▸ **ABOUT THIS EXERCISE**:
Starting at the line containing "We also saw" and ending at the line containing "This sleek black", transcribe the listing below exactly. Keep both end lines, skip the pictures, and copy nothing else.

== DATASET CONTENT ==

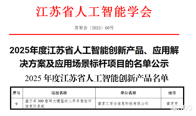在12月27日召开的2025江苏省人工智能产业发展大会上,车300的二手车智能评估定价系统因在AI与汽车金融领域的创新融合而入选省级创新产品。
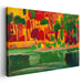 The painting showcases an abstract interpretation of buildings and trees, radiating a sense of vibrancy and life. The primary colors take center stage, with the striking reds and oranges of the buildings juxtaposed against the lush green foliage and tranquil blue-green water in the foreground. The reflections in the water add depth and movement, harmonizing the diverse colors and forms into a visually captivating masterpiece.
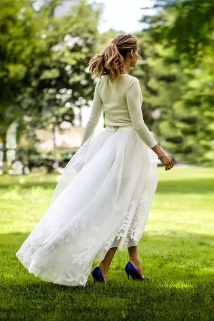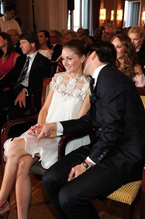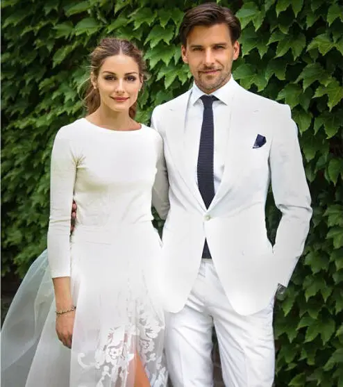 Olivia的婚纱也很特别,是好友Carolina Herrera定制的。没有传统的长鱼尾,用针织衫加白短裤、白纱裙就搞定了,不过效果随性又可爱。
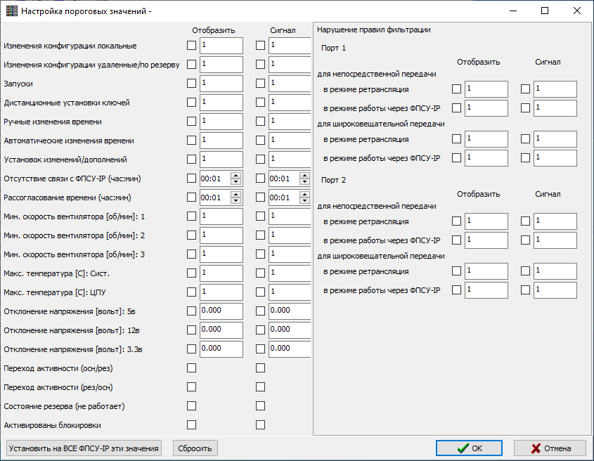 Кнопка «Установить на ВСЕ ФПСУ-IP эти значения» устанавливает выставленные параметры пороговых значений на все ФПСУ-IP, зарегистрированные в УА ФПСУ-IP. Внимание! Такая установка перезапишет ранее произведенные индивидуальные настройки на всех ФПСУ-IP! Кнопка «Сбросить» снимает отметки о всех событиях в данном окне. |
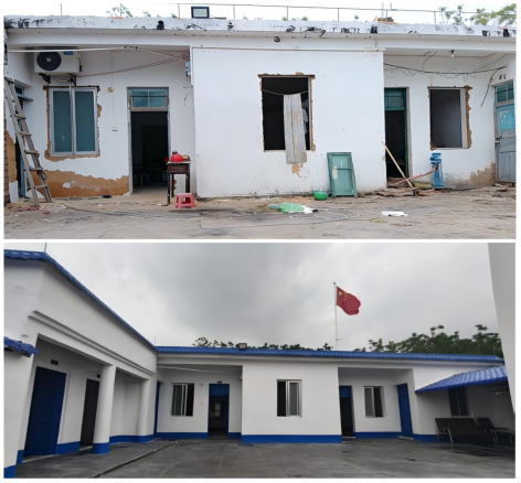 东海河管理所水塘站合流点作为雷州青年运河东海河河段泄洪排涝的关键节点,肩负着保障区域水利安全的重要职能,区位特殊、责任重大。然而受规划调整等历史遗留问题影响,合流点长期缺乏系统维护,基础设施损毁严重:墙面斑驳脱落、屋顶漏风渗水、门窗锈蚀变形、地面开裂破损、水电管线杂乱失修,不仅让基层职工面临“办公无定所、值守无保障”的困境,更直接制约了河道巡查、隐患排查、应急响应等核心工作的高效开展,成为阻碍东海河管理所提质增效的“老大难”问题。
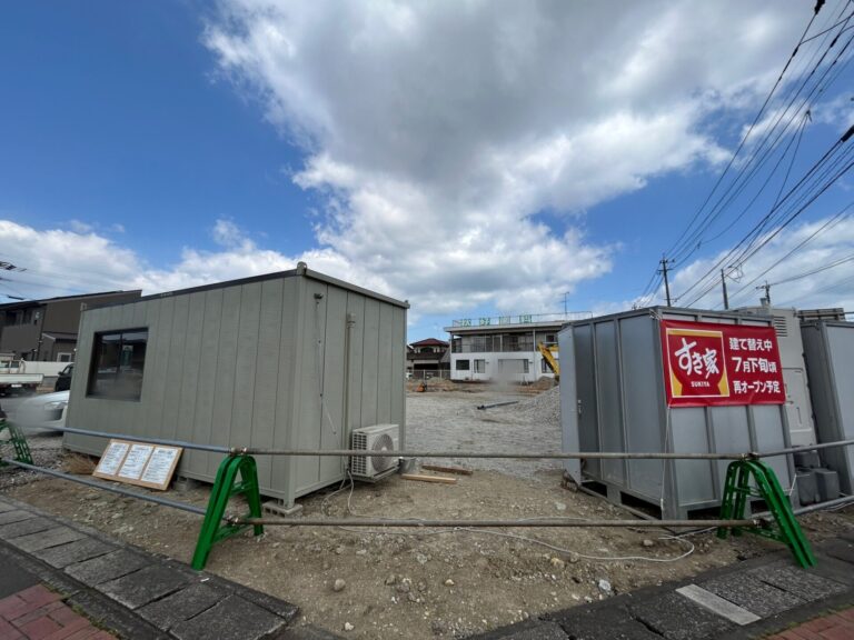 情報提供をうけ現地を確認したところ、【建て替え中 7月下旬頃再オープン】とのお知らせがありました。
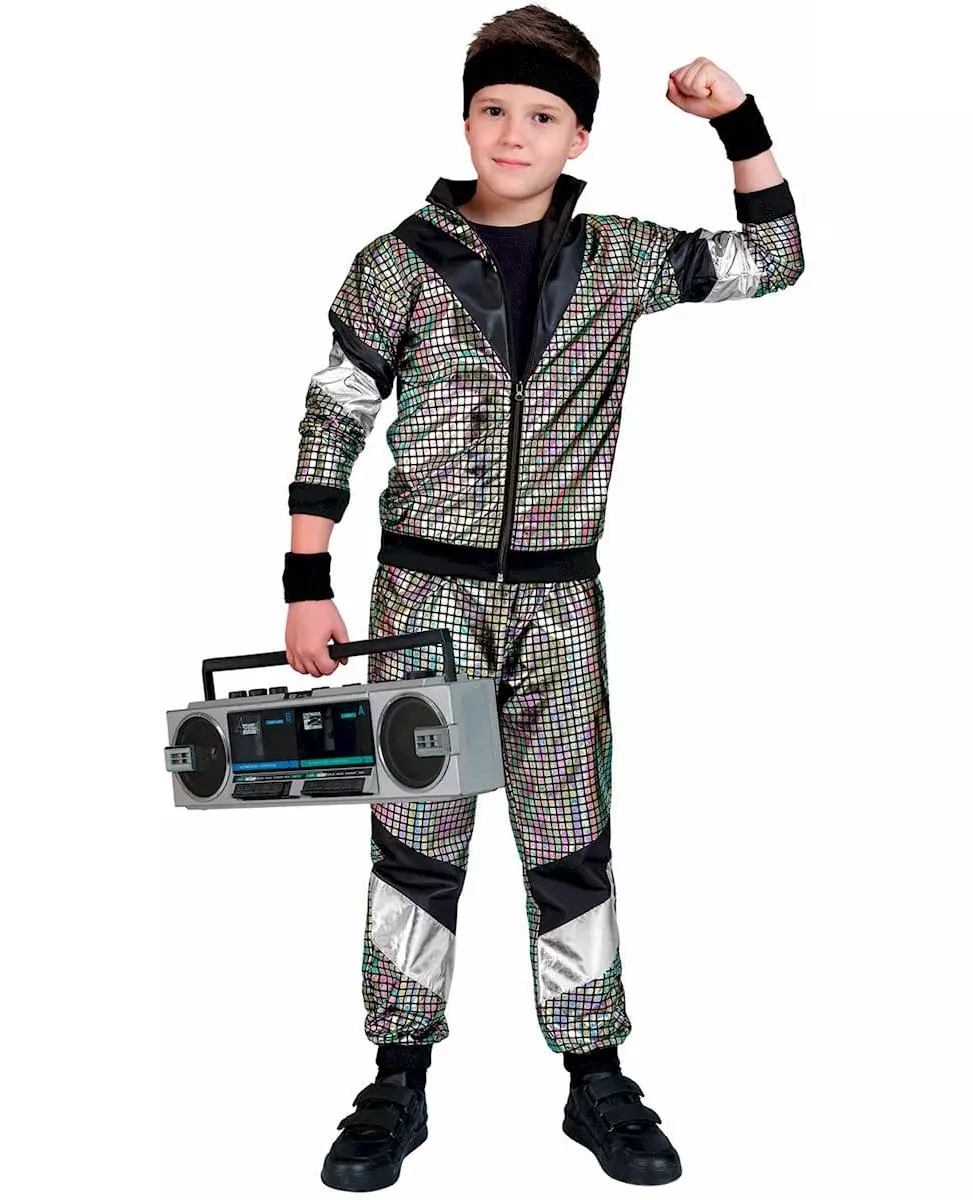 Perfect for nostalgic and stylish little dancers. The 80s disco jogging costume is for children. It consists of a dazzling jacket with multi-colored holographic reflections, designed to shine under the lights and attract all eyes. Featuring a zipper and a contrasting black collar, it combines retro style with practical comfort. The matching pants, also decorated with glitter patterns, offer a comfortable jogging cut that allows freedom of movement, ideal for dancing and playing. The black finishing bands at the waist and ankles add a stylish touch while ensuring a perfect fit. This set is ideal for recreating the energy of disco evenings, whether for costume parties, shows or carnivals, and will please all young fans of the 80s. Accessories included: 1 jacket 1 pair of pants Material: 100% polyester Care: Hand wash
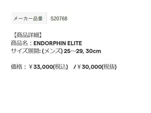 これまでのエンドルフィンシリーズからのインスピレーションを最大限に受けており、機能性が多数詰まった一足となっている。
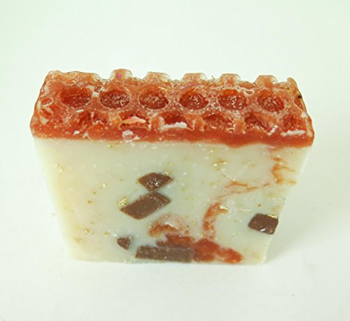 Renegada Honey is a honey and bitter almond scented bar with honeycombed shaped top. Ingredients include: Purified water, saponified oils of organic olive, organic coconut, palm, shea butter, select essential and/or fragrance oil, rolled oats, mica.
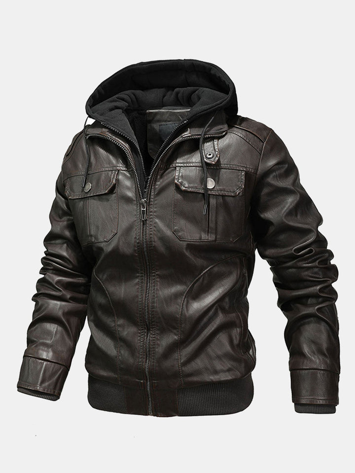 Veste 2 en 1 en cuir PU avec capuche amovible
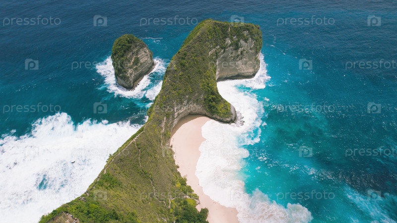 Песчаный пляж Келингкинг с высоким заросшим скалистым утесом и бирюзовым океаном Остров Нуса Пенида Бали. Вид сверху вниз на лучшее туристическое направление в Индонезии, Азии
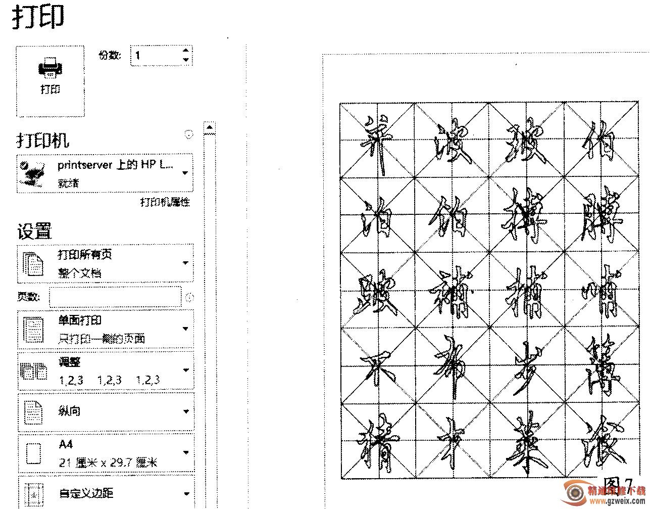 確認(rèn)不用修改了,就可以把字帖打印出來了(如圖7)。
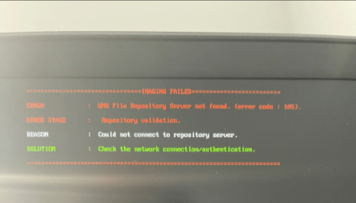 We also saw the following error right before imaging started, followed by the one above:
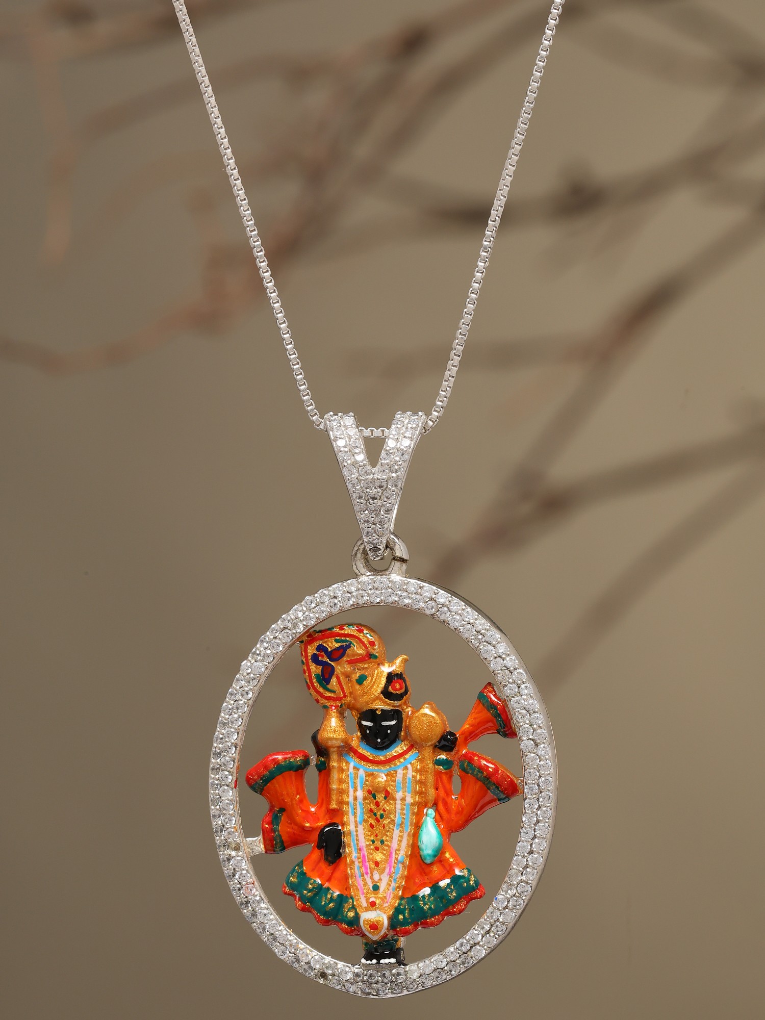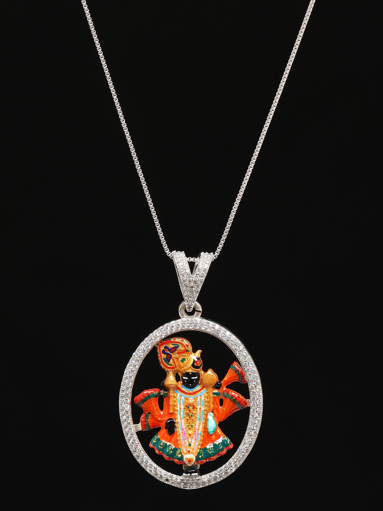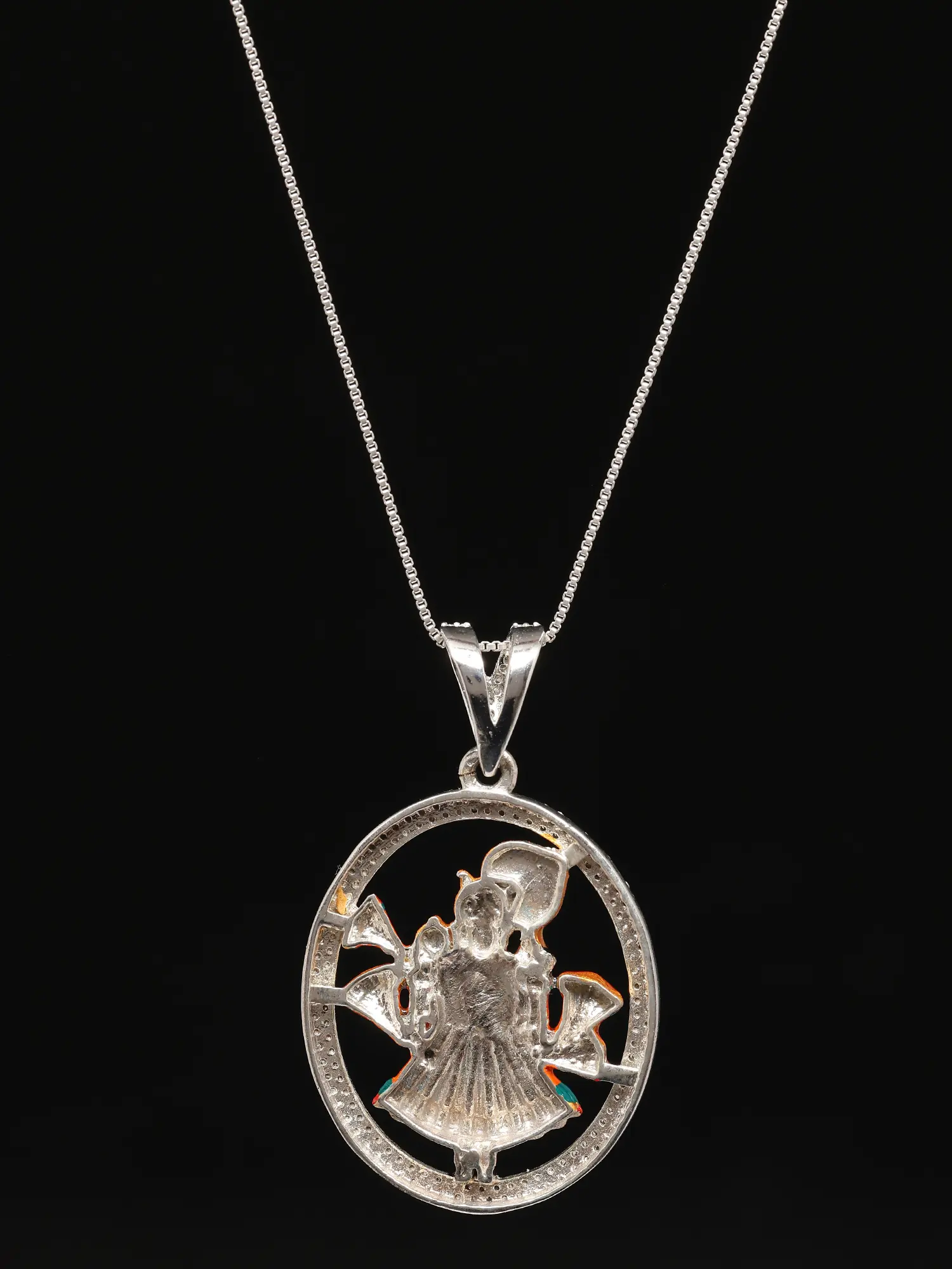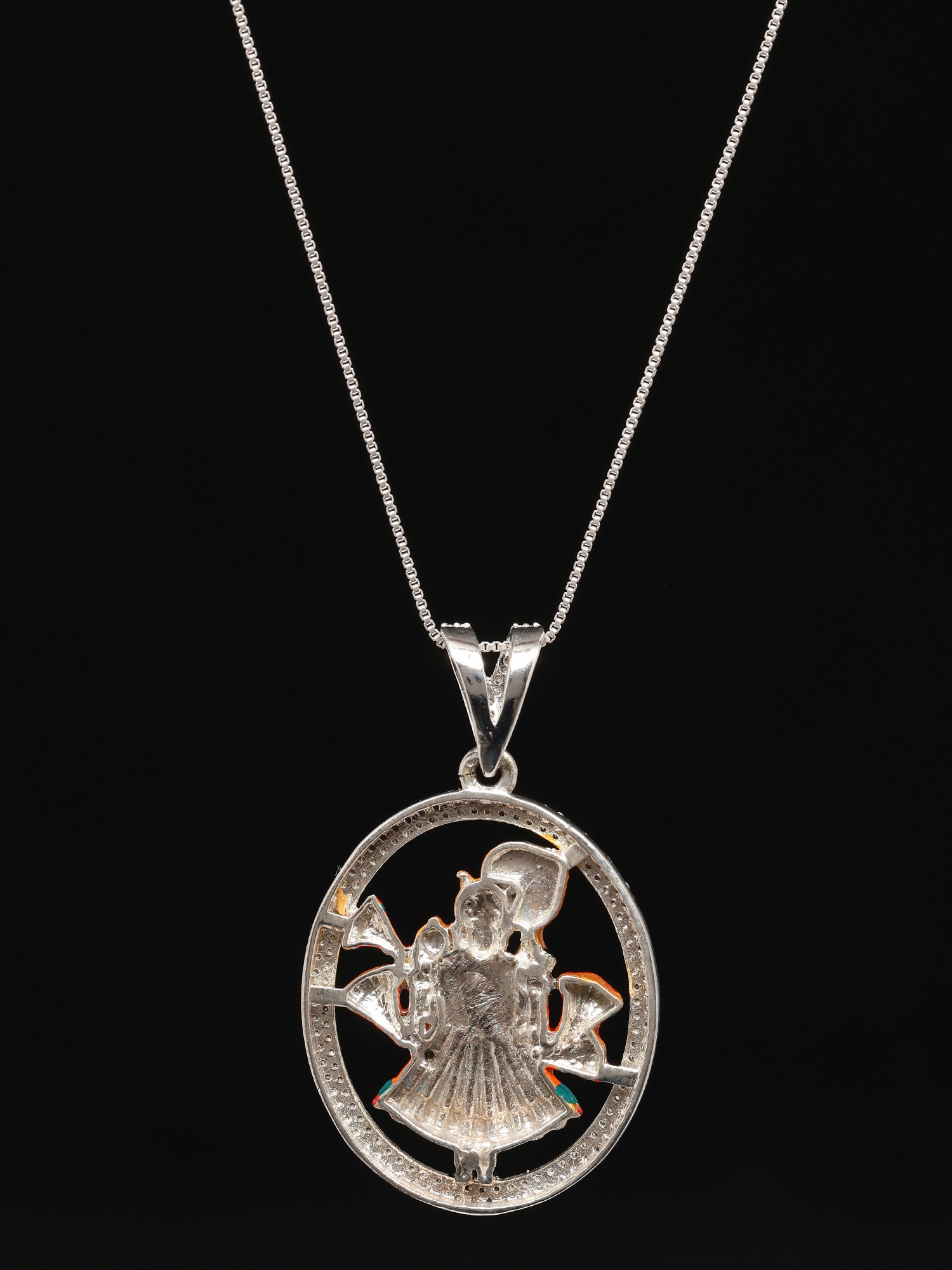 Sterling Silver Murli Pendant with Round Shape Multi Gemstone
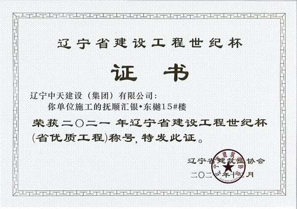 遼寧中天建設(shè)集團(tuán)領(lǐng)導(dǎo)班子認(rèn)真貫徹落實(shí)科學(xué)發(fā)展觀,堅(jiān)持以人為本,積極培育“開拓進(jìn)取,求新向上,求真務(wù)實(shí),團(tuán)結(jié)奉獻(xiàn)”的企業(yè)精神和“干一項(xiàng)工程交一方朋友,占一方市場(chǎng),樹一座豐碑”的經(jīng)營(yíng)理念。經(jīng)過遼寧中天建設(shè)者的辛勤耕耘,許多建筑精品工程象一座座豐碑聳立在撫順大地上,令人矚目。撫順市保障性住房建設(shè)工程榮獲全國優(yōu)質(zhì)工程金獎(jiǎng),撫順移動(dòng)通訊綜合樓、撫順市電信綜合樓、撫順市三寶屯污水處理廠擴(kuò)建及中水回用工程等多項(xiàng)工程獲得“遼寧省世紀(jì)杯工程”、“遼寧市政金杯”工程等殊榮。公司還多次榮獲“省建筑業(yè)質(zhì)量管理先進(jìn)施工企業(yè)”稱號(hào)。
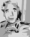 This is a black and white photo of a man with a mustache, wearing glasses. He appears to be looking at the camera while sitting in front of a window. The man's facial expression seems somewhat serious or contemplative. The photograph has been edited to create an artistic effect, giving it a vintage appearance.
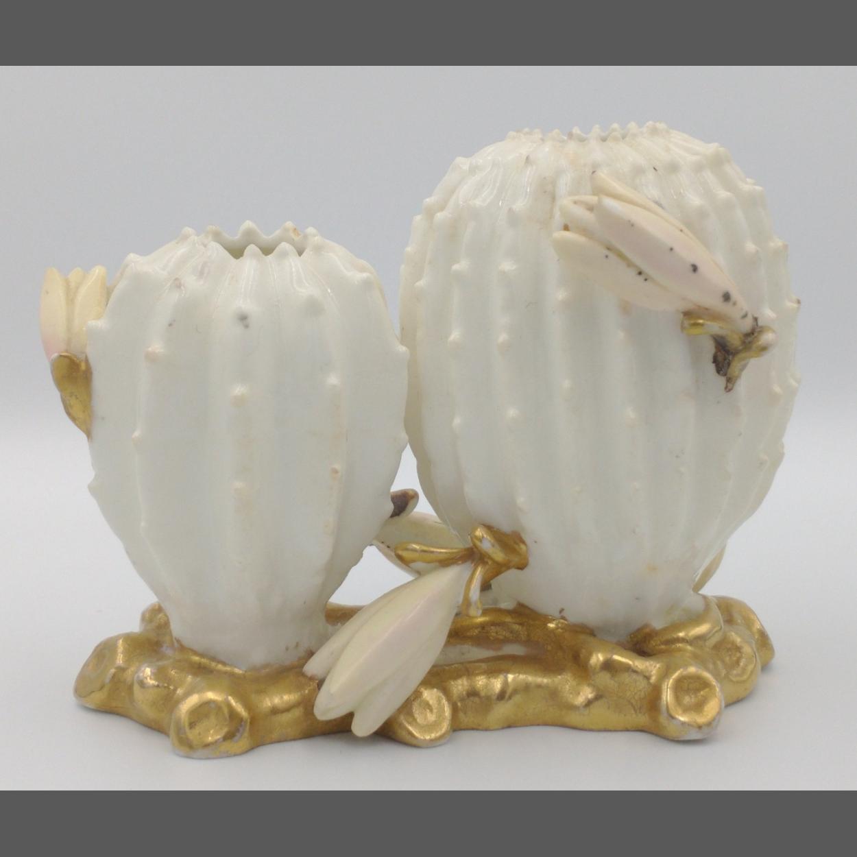 MOORE BROS. ANTIQUE miniature ceramic cactus vase stands approx 8cm high.
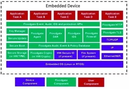 Floodgate IDS对嵌入式Linux和RTOS设备提供保护,其能检测出固件、配置信息和静态数据的改变。Floodgate Secure Boot确保只有从OEM认证的固件才允许在这台设备上运行。Floodgate Agent提供对于嵌入式和物联网设备的态势感知、安全事件报告、命令审计日志和安全策略管理,同时也提供与企业安全管理系统的集成。
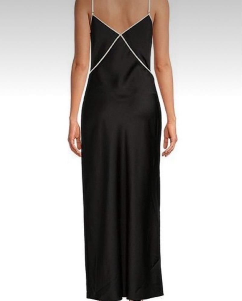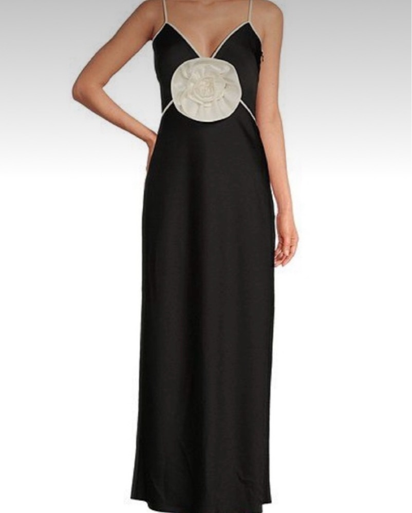 This sleek black midi dress is perfect for a formal event or special occasion. The delicate white floral accent adds a touch of femininity and elegance. Only worn once!
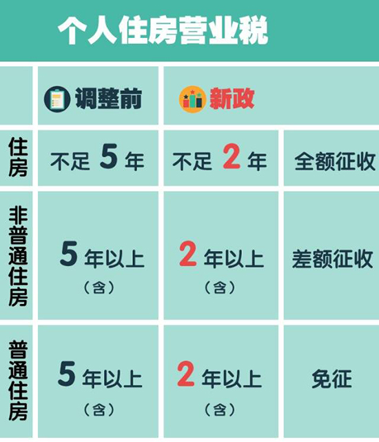 買房屋的價款后的差額征收營業稅;個人將購買2年以上(含2年)的普通住房對外銷售的,免征營業稅。新政從今天開始執行。

===

▸ **SOLUTION**:
 We also saw the following error right before imaging started, followed by the one above:
 Sterling Silver Murli Pendant with Round Shape Multi Gemstone
 遼寧中天建設(shè)集團(tuán)領(lǐng)導(dǎo)班子認(rèn)真貫徹落實(shí)科學(xué)發(fā)展觀,堅(jiān)持以人為本,積極培育“開拓進(jìn)取,求新向上,求真務(wù)實(shí),團(tuán)結(jié)奉獻(xiàn)”的企業(yè)精神和“干一項(xiàng)工程交一方朋友,占一方市場(chǎng),樹一座豐碑”的經(jīng)營(yíng)理念。經(jīng)過遼寧中天建設(shè)者的辛勤耕耘,許多建筑精品工程象一座座豐碑聳立在撫順大地上,令人矚目。撫順市保障性住房建設(shè)工程榮獲全國優(yōu)質(zhì)工程金獎(jiǎng),撫順移動(dòng)通訊綜合樓、撫順市電信綜合樓、撫順市三寶屯污水處理廠擴(kuò)建及中水回用工程等多項(xiàng)工程獲得“遼寧省世紀(jì)杯工程”、“遼寧市政金杯”工程等殊榮。公司還多次榮獲“省建筑業(yè)質(zhì)量管理先進(jìn)施工企業(yè)”稱號(hào)。
 This is a black and white photo of a man with a mustache, wearing glasses. He appears to be looking at the camera while sitting in front of a window. The man's facial expression seems somewhat serious or contemplative. The photograph has been edited to create an artistic effect, giving it a vintage appearance.
 MOORE BROS. ANTIQUE miniature ceramic cactus vase stands approx 8cm high.
 Floodgate IDS对嵌入式Linux和RTOS设备提供保护,其能检测出固件、配置信息和静态数据的改变。Floodgate Secure Boot确保只有从OEM认证的固件才允许在这台设备上运行。Floodgate Agent提供对于嵌入式和物联网设备的态势感知、安全事件报告、命令审计日志和安全策略管理,同时也提供与企业安全管理系统的集成。
 This sleek black midi dress is perfect for a formal event or special occasion. The delicate white floral accent adds a touch of femininity and elegance. Only worn once!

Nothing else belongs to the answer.